The computer, once a tool for scientists, is becoming a collaborator

Computer science — it’s not just about hardware and software anymore.

It’s about oceans, stars, cancer cells, proteins and networks of friends. Ken Birman, a computer science professor at Cornell University, says his discipline is on the way to becoming “the universal science,” a framework underpinning all others, including the social sciences.

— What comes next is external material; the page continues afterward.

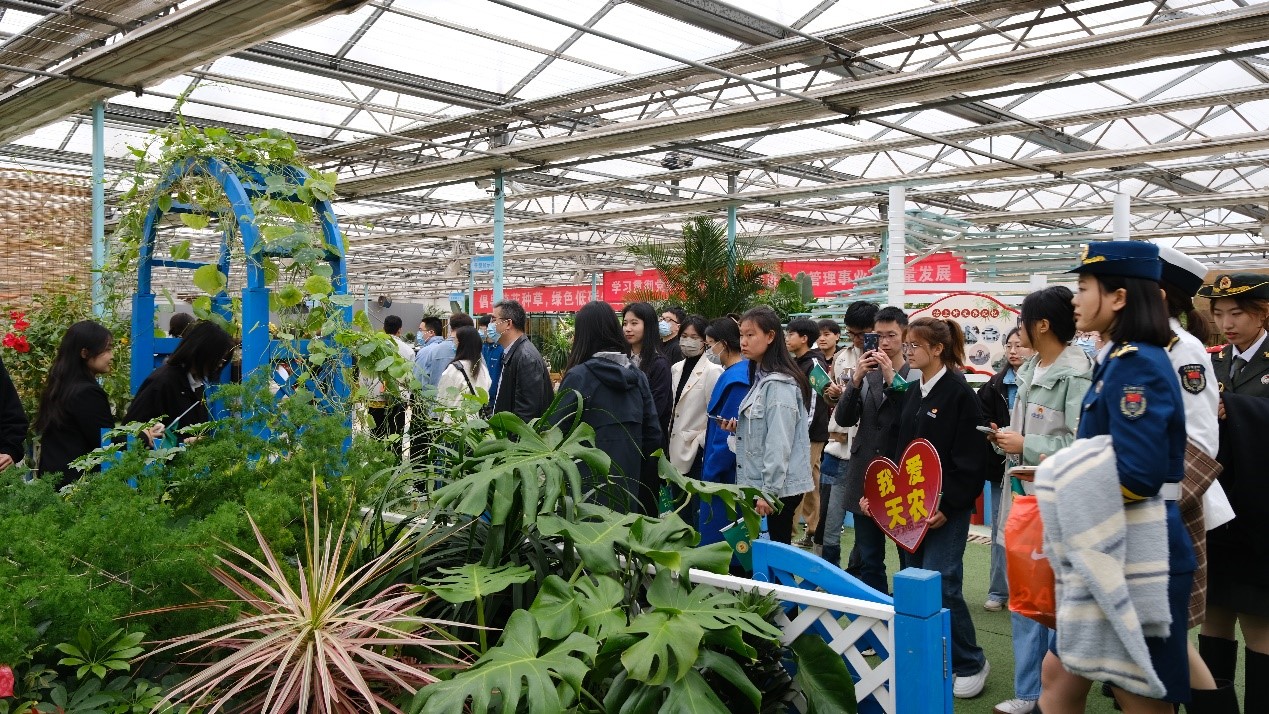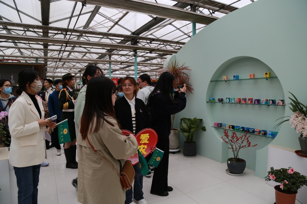 随后,研学团师生来到天津市园林花圃迎春花卉科研培育基地,在讲解员的带领下参观了花卉展区和多肉植物培养基地。现场花卉展品融合了现代手法和传统、民族的表现元素,让同学们了解了传统与现代相融合的园林艺术。就职于该单位的我校2017届园艺园林学院毕业生李响和师生开展交流,表达了对母校培养的感谢,交流了工作中用“花”语扮靓美丽天津的工作经历。

An extravagant claim from someone with a vested interest? The essence of Birman’s assertion is that computers have gone from being a tool serving science — basically an improvement on the slide rule and abacus — to being part of the science. Consider these recent developments:

“Systems biologists” at Harvard Medical School have developed a “computational language” called “Little b” for modeling biological processes. Going beyond the familiar logical, arithmetic and control constructs of most languages, it reasons about biological data, learns from it, and incorporates past learning into new models and predictors of cells’ behaviors. Its creators call it a “scientific collaborator.”

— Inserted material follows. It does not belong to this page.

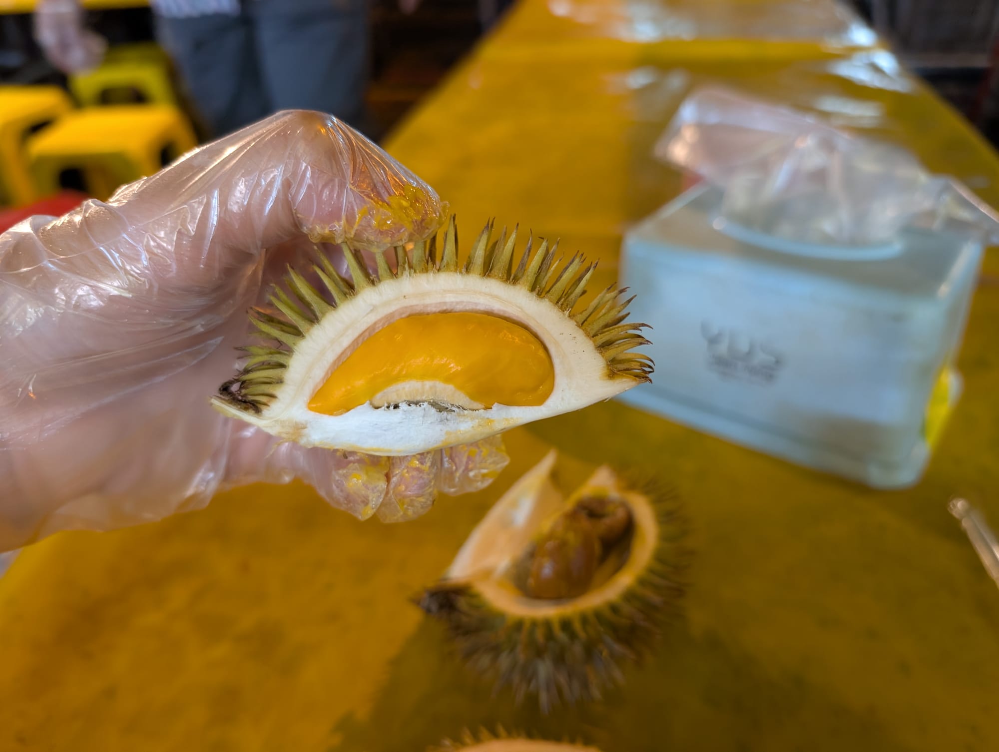 やはりコタキナバルといえば野生種、そして味も非常に好みであるDurio graveolensのオレンジ色をいただくことに。

Microsoft Research (MSR) is supporting a U.S.-Canadian consortium building an enormous underwater observatory on the Juan de Fuca Plate off the coast of Washington state. Project Neptune will connect thousands of chemical, geological and biological sensors on more than 1,000 miles of fiber-optic cables and will stream data continuously to scientists for as long as a decade. Researchers will be able to test their theories by looking at the data, but software tools that MSR is developing will search for patterns and events not anticipated by scientists and present their findings to the scientists.

Last year, researchers from Harvard Medical School and the University of California, San Diego, used statistical analysis to mine heart-disease data from 12,000 people in the Framingham Heart Study and learned that obesity appears to spread via social ties. They were able to construct social networks by employing previously unused information about acquaintances that had been gathered solely for the purpose of locating subjects during the 32-year study.

Computer scientists and plant biologists at Cornell developed algorithms to build and analyze 3-D maps of tomato proteins. They discovered the “plumping” factor that is responsible for the evolution of the tomato from a small berry to the big fruit we eat today. Researchers then devised an algorithm for matching 3-D shapes and used it to determine that the tomato-plumping gene fragment closely resembles an oncogene associated with human cancers. That work would have taken decades without computer science, researchers say.